Женщина, нагая, томная, со смуглой кожей, совсем не похожей на кожу Эланор, лежит на диване, полуобернувшись, подперев лицо рукой, покоящейся на бледно-розовой подушке. Ее глаза смотрят мимо зрителя на что-то в неизмеримой дали. Она кажется красивой, но не эротически, уязвимой, но всецело ушедшей в себя. Позади нее — среди спиралей яркого, но мрачного фона — виднеются стилизованные скалы под незнакомым небом, а две странно тревожные фигуры разговаривают, и темная птица примостилась на краю балкона, может быть, ворон.

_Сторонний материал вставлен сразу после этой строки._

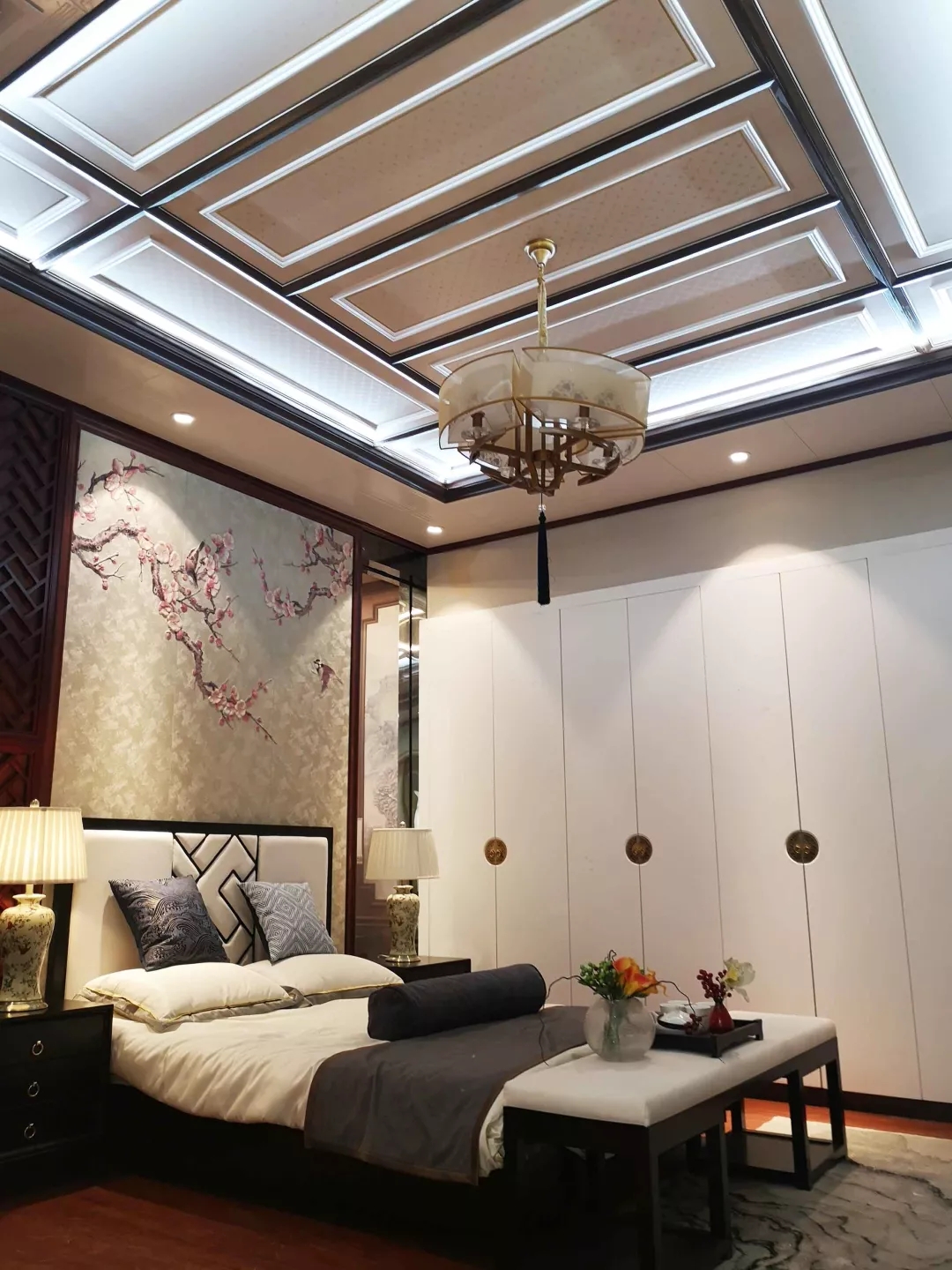 大規(guī)格安裝,從視覺上給人一種延伸擴(kuò)大的感覺,使空間更顯開闊,成為不少別墅豪宅的首選。在產(chǎn)品設(shè)計(jì)上,大規(guī)格吊頂大板因?yàn)閱纹娣e較大,可以承載的紋理設(shè)計(jì)元素更多,因此裝修出來的整體空間紋理圖案效果更加完整和立體,板面所體現(xiàn)的細(xì)節(jié)也更加豐富。

Хотя он не терпит плагиата и пишет сейчас исключительно по памяти, Густаву никак не удается оторваться от обнаженной женщины Гогена. Да, впрочем, он по-настоящему и не старается. В этой, из всех великих картин Гогена наиболее очищенной от дерьма, и отчаяния, и символизма в свое оправдание, Гоген был просто ПРАВ. И потому Густав продолжает работать, и краски уже почти подчиняются ему. Сейчас он не знает, что получится, ему это все равно. Если выйдет хорошо, то он сможет считать результат данью памяти Эланор, если же нет… Что же, он знает, закончив эту картину, начнет другую. И пока значение имеет только это.
Эланор была права, решает Густав, сказав как-то, что он абсолютный эгоист и принесет в жертву все — включая и себя самого, — лишь бы писать картины и дальше. Она была бесконечно права, но и сама она тоже всегда искала следующего вызова, следующего препятствия, чтобы их преодолеть. Конечно, им следовало бы лучше использовать время, которое они провели вместе, но, как признал призрак Эланор в кафе Ван Гога, когда она наконец пришла сказать последнее «прости», прошлого уже нельзя повторить.
Густав отступил от холста и начал его рассматривать — сначала прищурив глаза, чтобы ограничиться только фигурой, а затем и более оценивающим взглядом. Да, сказал он себе, это — настоящее. Стоящее любых мук.
Затем — хотя оставалось сделать еще многое, и краски еще не просохли, и он знал, что холсту надо дать отдохнуть — он закрутил кисть в самом черном бугре на палитре, и наляпал вверху слово NEVERMORE, и отступил на шаг, обдумывая новое полотно.
Примечания
1
Столовое вино (фр.) (Здесь и далее прим. перев.)
2
«Завтрак на траве» (фр.)
3
«Муллен де лa Галетт» — картина Огюста Ренуара (1841–1919)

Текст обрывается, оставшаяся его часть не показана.